El cliente, no obstante, podía someter al artista indicándole que siguiera un determinado modelo, exigencia que se incluye en el contrato. Así, Juan de Mesa, cuando se emancipa de Martínez Montañés, realiza esculturas que, tipológicamente, son análogas a las de su maestro, y ello, con frecuencia, debido a las exigencias del cliente. En 1627, Mesa concierta la realización de un crucifijo para el pintor Antonio Pérez, el cual habría de ser “del tamaño y en la forma que hice y acabé la hechura del Cristo de la dicha Casa Profesa de la Compañía de Jesús”. En este caso, lo que se le está pidiendo es prácticamente una réplica.
Por parte del artista, la ejecución de la obra ofrecía para él dos compensaciones: una primordial, la económica; otra, la distinción u honor. El pago se hacía por plazos o a la entrega final de la obra. En el primer caso, generalmente, se establecían tres plazos, el primero nada más firmarse la escritura para que el maestro pudiera adquirir materiales. El último plazo se efectuaba una vez examinada la obra por peritos. La otra forma de estipular el precio es a tasación final, operación que engendró infinidad de discrepancias y pleitos. Los tasadores establecían un precio en función del esfuerzo y el valor creativo de la obra. Precisamente, la creciente revalorización del artista como creador es lo que impulsaba a los maestros a escoger este sistema de pago.[24]
Las relaciones con la alta nobleza o jerarquías eclesiásticas aumentaban el prestigio de los más afamados escultores. Pero el beneficio era mutuo, pues si los artífices recibían un mayor reconocimiento social al amparo de su clientela, ésta solicitaba esculturas de insignes estatuarios movidos no sólo por intereses de tipo religioso o devocional, también por una cualidad tan barroca como era la ostentación.

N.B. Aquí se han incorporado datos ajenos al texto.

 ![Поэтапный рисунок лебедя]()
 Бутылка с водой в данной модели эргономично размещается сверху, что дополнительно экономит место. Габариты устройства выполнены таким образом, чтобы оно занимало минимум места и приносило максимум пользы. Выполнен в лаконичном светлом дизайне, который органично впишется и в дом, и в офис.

3. ARTE Y PRESTIGIO. SOBRE EL RECONOCIMIENTO SOCIAL DEL ESCULTOR EN LA ESPAÑA DEL BARROCO
3.1. Expresiones de la fama: la pluma y el pincel
La fama alcanzada por los escultores del Siglo de Oro español se detecta, en gran medida, a partir su fortuna crítica. Sin embargo, aunque la consideración artística y social se puede valorar siguiendo los juicios emitidos por sus contemporáneos, estos no siempre eran necesariamente expresión de la fama del escultor o de la calidad de sus obras, y sí con frecuencia resultaban ser un índice de la pertenencia a un determinado grupo social o de la convivencia con círculos intelectuales. Esto explica, por ejemplo, que a Zurbarán o a Ribera no le citen apenas los literatos españoles y, en cambio, el nombre de artistas que estuvieron muy lejos de alcanzar la maestría de estos, como Pedro de Raxis, Van der Hamen o Felipe Liaño, aparezca en más de una composición poética.[25]

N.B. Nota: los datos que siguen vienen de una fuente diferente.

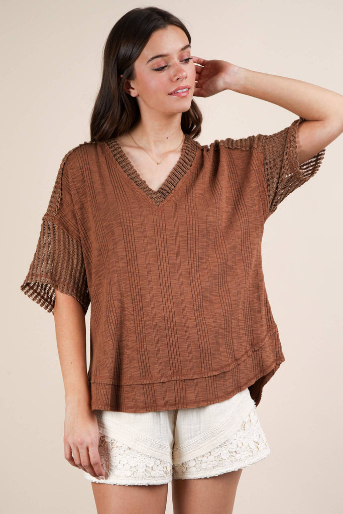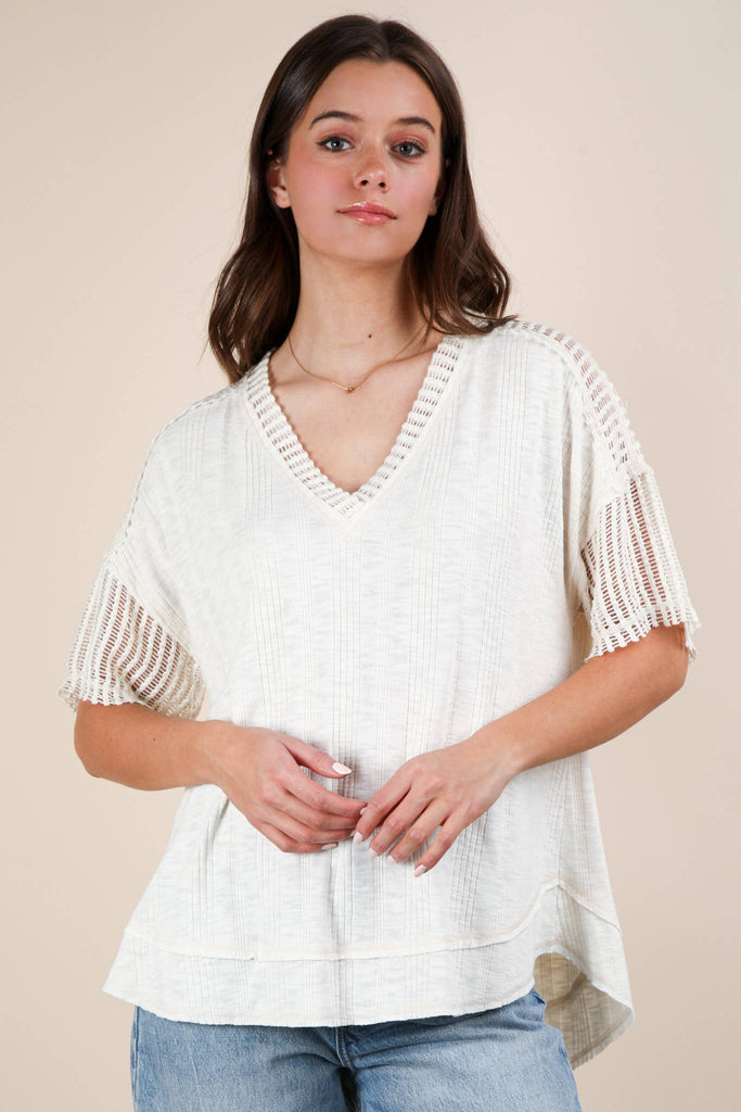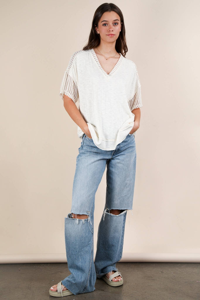 VERY J - NT12088-Oversized Contrast Knit Comfy Casual Top: IVORY / S-M-L/2-2-2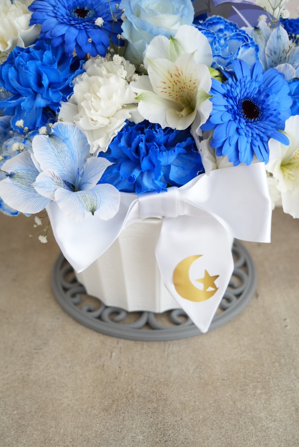 過去にあったお月見イベントのモチーフをイメージし色は個人カラーの青とユニットカラーの白を使用、中央水色のバラも本人モチーフのため入れてもらい

En el caso de Pedro de Mena, sí podemos asociar el origen de un poema laudatorio dedicado a él con su fama artística, y no con motivos puramente personales.[26] En Mena la fortuna literaria fue mayor que la que alcanzaron otros grandes escultores españoles contemporáneos. El anónimo autor de la relación de la translación de una imagen suya le llama artista “de reputación y fama”, y a otra Inmaculada le dedican sus versos Francisco del Pozo y Bernardo Blázquez, éste último utilizando para ponderarla la afirmación de que fue realizada en el cielo. Otra estatua suya, la “Magdalena” de Valladolid, fue merecedora de los elogios de uno de los mejores poetas del momento, Bances Candamo, quien le dedicó dos romances. Según Javier Portús, que ha analizado estos poemas, uno de los temas que se abordan en ellos es el de la fama, que se plantea mediante una acumulación de tópicos. En líneas generales coinciden en señalar que a un artista que ha creado semejante prodigio del arte se le ha negado en vida la fama, mientras que una vez muerto ha sido muy alabado universalmente, aunque la verdad, como apunta Portús es que Pedro de Mena fue muy conocido antes de morir, y que estamos ante un recurso retórico muy empleado en el Siglo de Oro.[27]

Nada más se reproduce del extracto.